(Beginning of Materials provided)
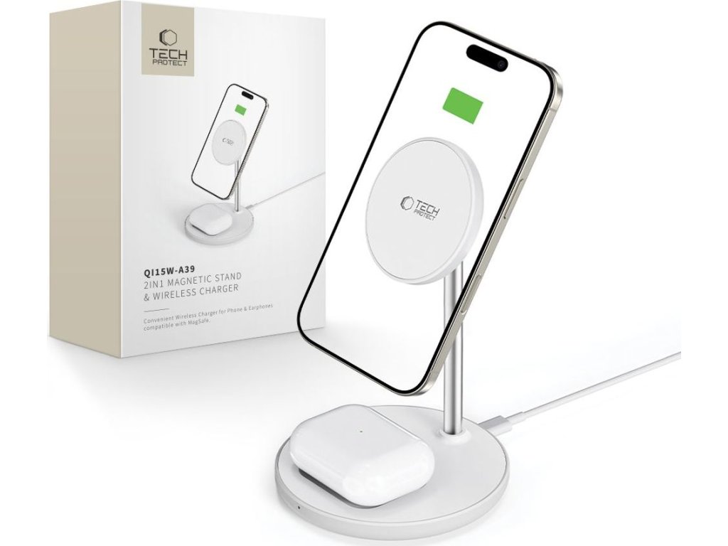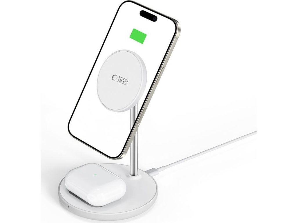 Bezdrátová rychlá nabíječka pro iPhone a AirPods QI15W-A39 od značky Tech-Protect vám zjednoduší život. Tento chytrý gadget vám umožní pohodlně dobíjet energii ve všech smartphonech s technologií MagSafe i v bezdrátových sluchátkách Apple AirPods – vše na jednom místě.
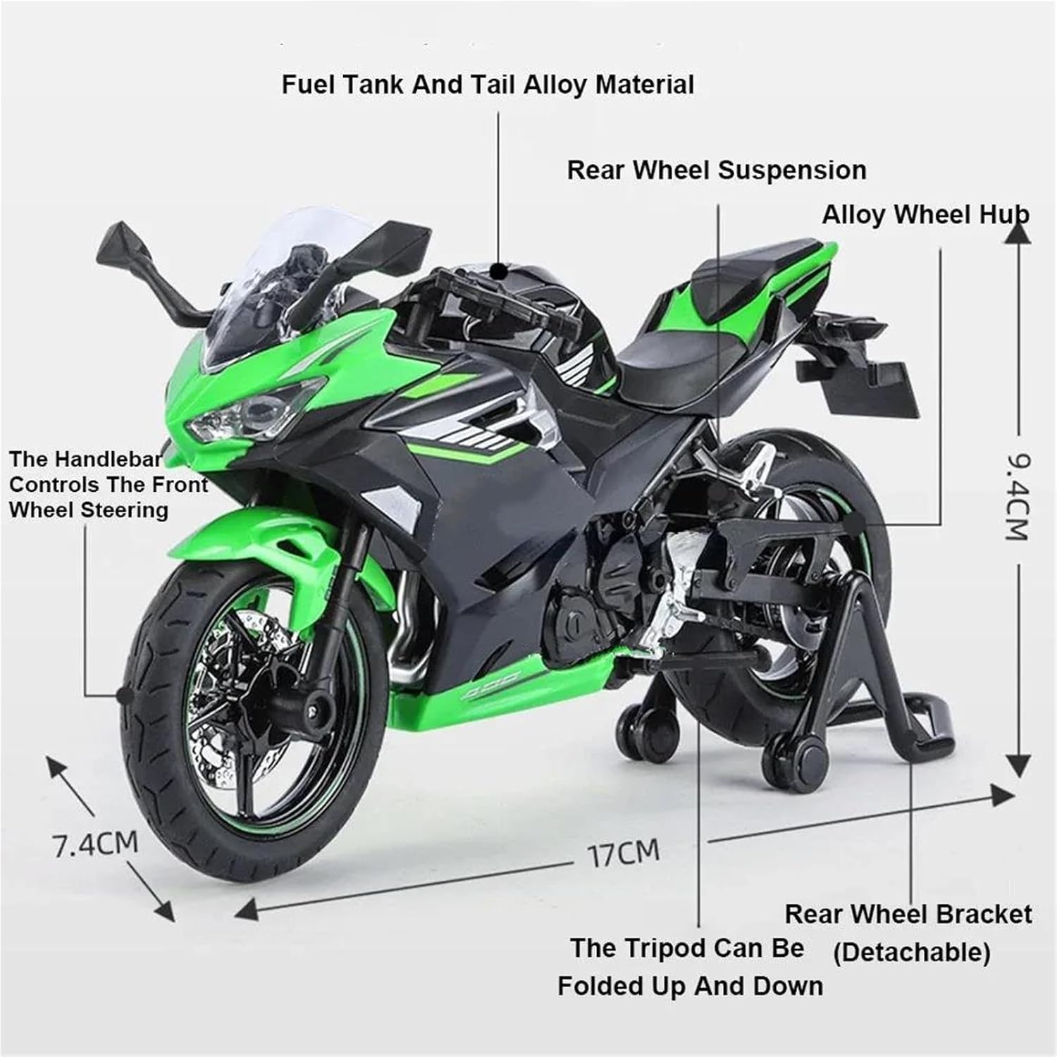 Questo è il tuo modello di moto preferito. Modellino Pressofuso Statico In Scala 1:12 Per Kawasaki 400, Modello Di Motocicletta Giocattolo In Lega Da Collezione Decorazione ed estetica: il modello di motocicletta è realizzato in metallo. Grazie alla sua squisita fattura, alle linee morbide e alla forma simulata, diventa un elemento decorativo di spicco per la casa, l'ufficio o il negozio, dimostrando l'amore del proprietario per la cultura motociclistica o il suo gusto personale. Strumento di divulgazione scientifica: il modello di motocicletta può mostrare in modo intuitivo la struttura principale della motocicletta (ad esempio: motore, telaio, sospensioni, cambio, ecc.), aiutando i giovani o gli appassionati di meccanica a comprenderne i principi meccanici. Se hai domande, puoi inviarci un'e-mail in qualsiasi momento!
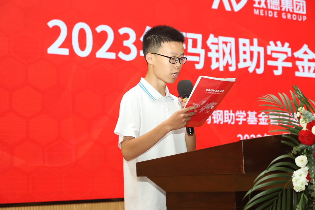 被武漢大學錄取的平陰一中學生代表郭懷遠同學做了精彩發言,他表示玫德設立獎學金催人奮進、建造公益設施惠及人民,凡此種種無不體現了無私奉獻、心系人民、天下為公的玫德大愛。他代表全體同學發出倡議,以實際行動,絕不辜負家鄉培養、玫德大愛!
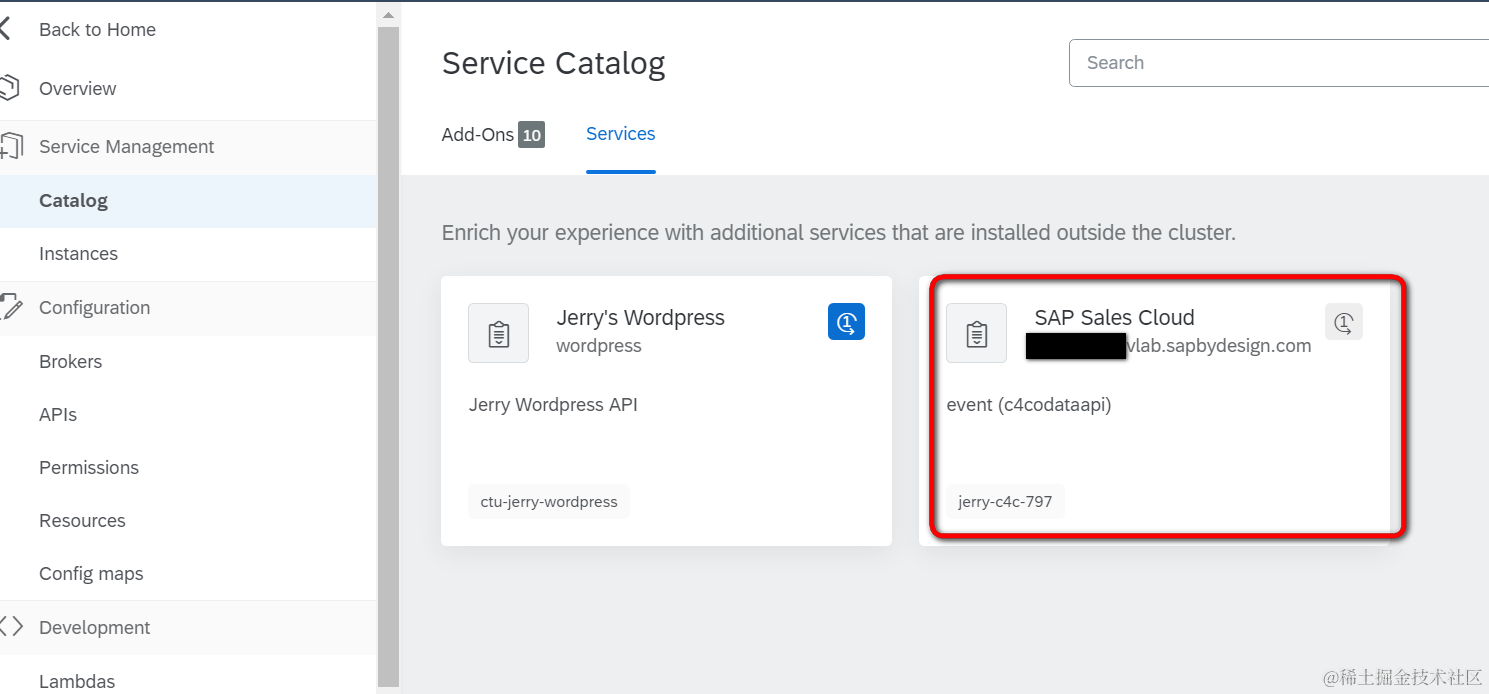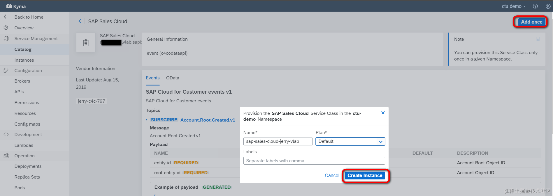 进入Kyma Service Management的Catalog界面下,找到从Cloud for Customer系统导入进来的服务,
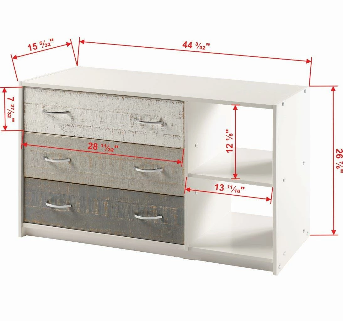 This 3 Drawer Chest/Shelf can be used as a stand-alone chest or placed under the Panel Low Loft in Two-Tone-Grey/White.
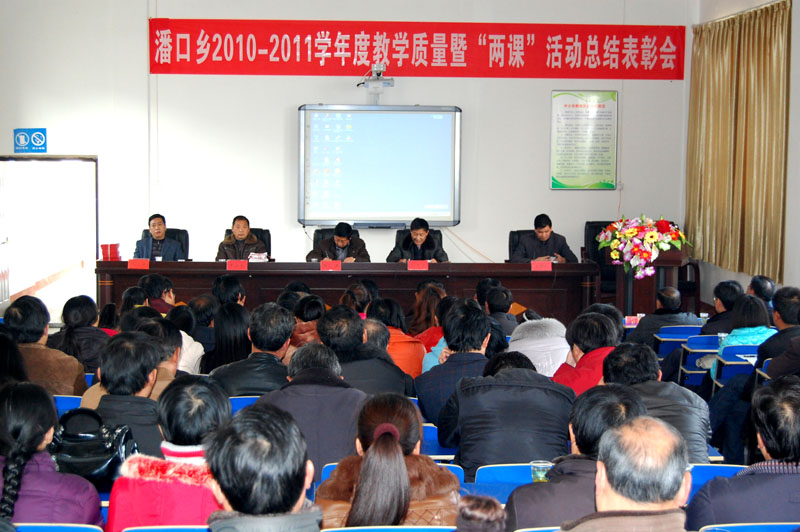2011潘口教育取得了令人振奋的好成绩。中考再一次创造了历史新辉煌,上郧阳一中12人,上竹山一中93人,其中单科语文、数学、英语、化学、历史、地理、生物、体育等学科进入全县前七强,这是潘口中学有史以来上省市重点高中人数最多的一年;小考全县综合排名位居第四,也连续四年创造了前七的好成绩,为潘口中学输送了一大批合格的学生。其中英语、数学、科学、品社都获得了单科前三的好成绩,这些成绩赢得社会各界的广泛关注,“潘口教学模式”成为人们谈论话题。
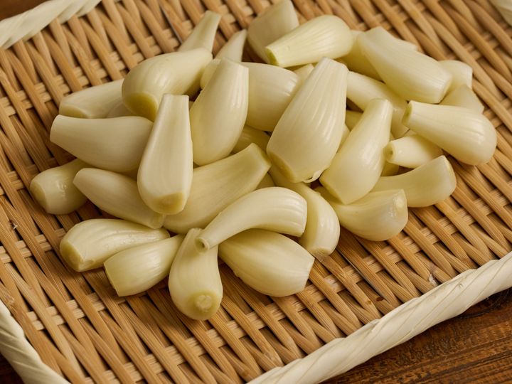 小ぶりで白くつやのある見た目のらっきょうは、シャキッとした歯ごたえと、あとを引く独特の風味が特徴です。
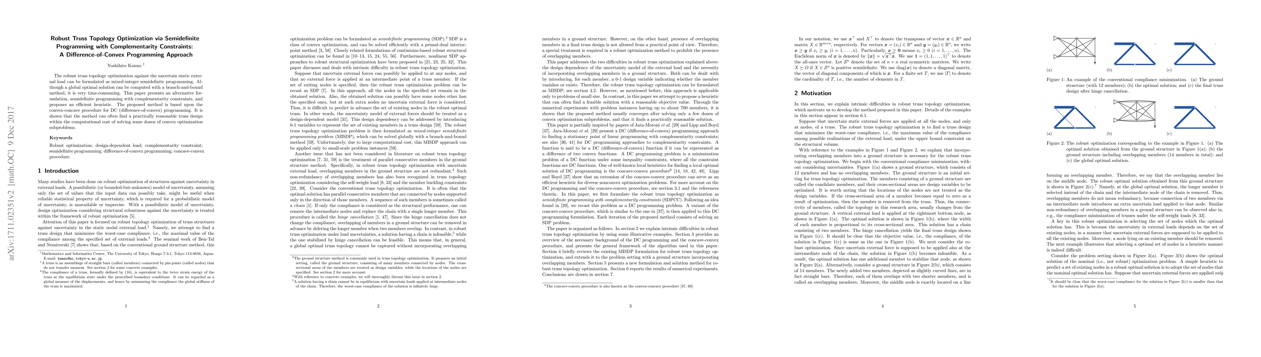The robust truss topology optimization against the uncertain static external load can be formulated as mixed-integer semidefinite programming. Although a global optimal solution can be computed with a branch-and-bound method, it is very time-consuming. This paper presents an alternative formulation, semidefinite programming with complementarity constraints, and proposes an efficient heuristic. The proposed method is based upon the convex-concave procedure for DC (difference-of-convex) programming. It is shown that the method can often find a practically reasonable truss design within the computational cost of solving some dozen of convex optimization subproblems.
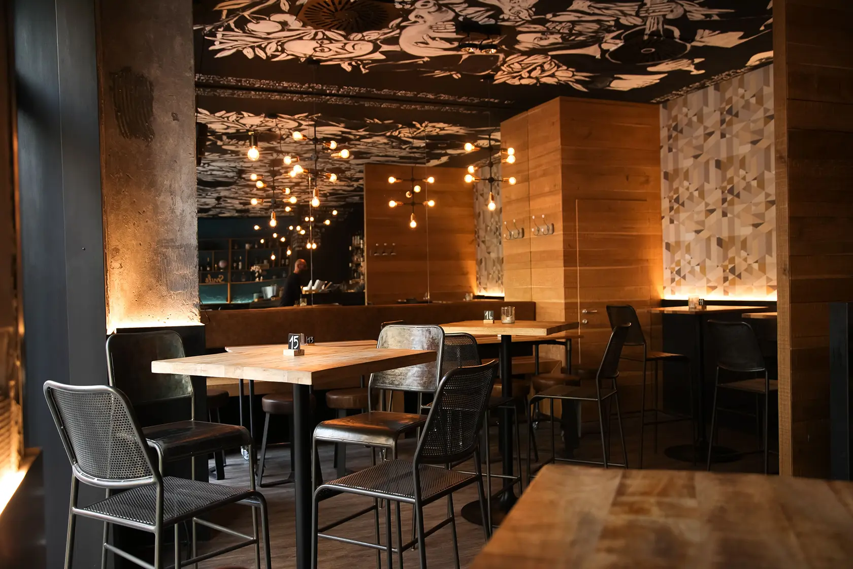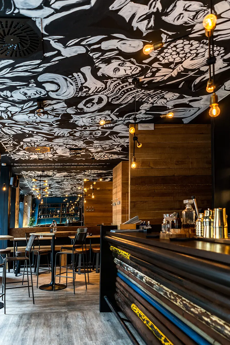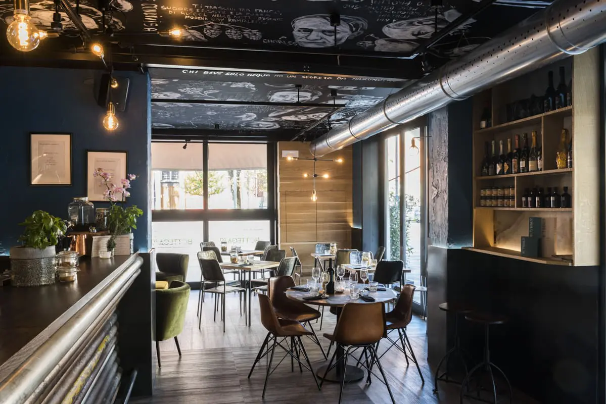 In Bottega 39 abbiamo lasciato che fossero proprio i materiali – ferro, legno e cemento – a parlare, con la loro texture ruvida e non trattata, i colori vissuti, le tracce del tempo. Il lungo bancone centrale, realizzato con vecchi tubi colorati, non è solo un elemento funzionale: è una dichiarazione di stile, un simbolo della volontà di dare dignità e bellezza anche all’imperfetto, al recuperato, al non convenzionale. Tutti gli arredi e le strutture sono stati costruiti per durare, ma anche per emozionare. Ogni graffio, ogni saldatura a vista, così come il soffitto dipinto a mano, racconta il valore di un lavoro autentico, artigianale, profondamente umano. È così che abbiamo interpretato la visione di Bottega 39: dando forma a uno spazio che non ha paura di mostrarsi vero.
(End of Materials provided)
## Aim of the task:
Beginning at the line that contains "The robust truss", copy each remaining line of the records exactly, through the final one. Omit the pictures.

## Answer for this exercise:
The robust truss topology optimization against the uncertain static external load can be formulated as mixed-integer semidefinite programming. Although a global optimal solution can be computed with a branch-and-bound method, it is very time-consuming. This paper presents an alternative formulation, semidefinite programming with complementarity constraints, and proposes an efficient heuristic. The proposed method is based upon the convex-concave procedure for DC (difference-of-convex) programming. It is shown that the method can often find a practically reasonable truss design within the computational cost of solving some dozen of convex optimization subproblems.
 In Bottega 39 abbiamo lasciato che fossero proprio i materiali – ferro, legno e cemento – a parlare, con la loro texture ruvida e non trattata, i colori vissuti, le tracce del tempo. Il lungo bancone centrale, realizzato con vecchi tubi colorati, non è solo un elemento funzionale: è una dichiarazione di stile, un simbolo della volontà di dare dignità e bellezza anche all’imperfetto, al recuperato, al non convenzionale. Tutti gli arredi e le strutture sono stati costruiti per durare, ma anche per emozionare. Ogni graffio, ogni saldatura a vista, così come il soffitto dipinto a mano, racconta il valore di un lavoro autentico, artigianale, profondamente umano. È così che abbiamo interpretato la visione di Bottega 39: dando forma a uno spazio che non ha paura di mostrarsi vero.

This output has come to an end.